Your survey is missing an option for "When I apply OS patches". Our windows servers and VMS are pretty stable. We install OS patches every quarter. Specific reboots for VMS issues are rare, maybe 1-2 a year.

My limited knowledge of Linux makes be believe that OS patches generally don't require reboots. Microsoft Windows patches normally need a server reboot. This seems to be one of the biggest factors over how often a server needs rebooting.

My limited knowledge of Linux makes me believe that OS patches generally don't require reboots. Microsoft Windows patches normally need a server reboot. This seems to be one of the biggest factors over how often a server needs rebooting.

Linux services and programs run in something called 'user-space', which is basically protected memory and execution outside of the kernel.

Because most software and system services reside in these areas, Linux and Unix machines can be updated and patched by just restarting affected services.

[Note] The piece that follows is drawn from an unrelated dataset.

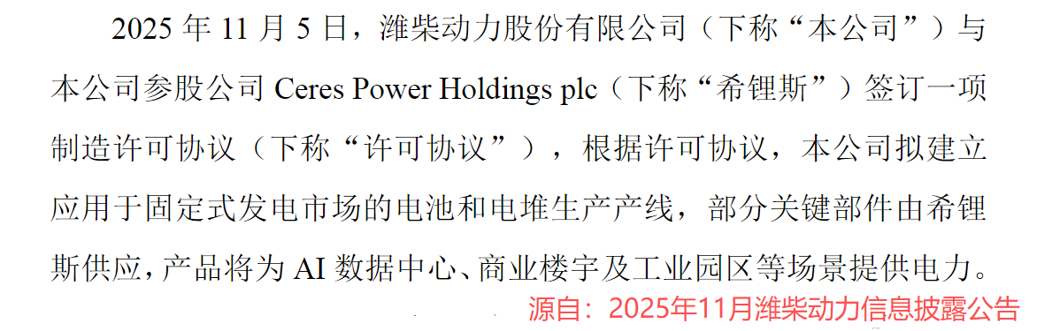 11月,公司与Ceres签署制造许可协议,彻底打通“电池-电堆-系统-电站”全产业链,为后续大规模商业化铺平道路,更助力其在AI数据中心市场占据先发优势。

Linux kernel changes/upgrades DO require a reboot. It's really the only situation that requires it. Even then, it's only for the kernel itself, and not modules, which are hot-pluggable, and independently restartable depending on the nature of the module.

Windows, on the other hand, has only recently moved video and printer drivers outside of the kernel-space. These were the primary reason behind restarts.

The other reason Windows requires restarts for patches is due to open files. Instead of handling these files intelligently, Windows just assumes that if it's open, and is getting replaced for a patch, to just queue it and handle it on reboot.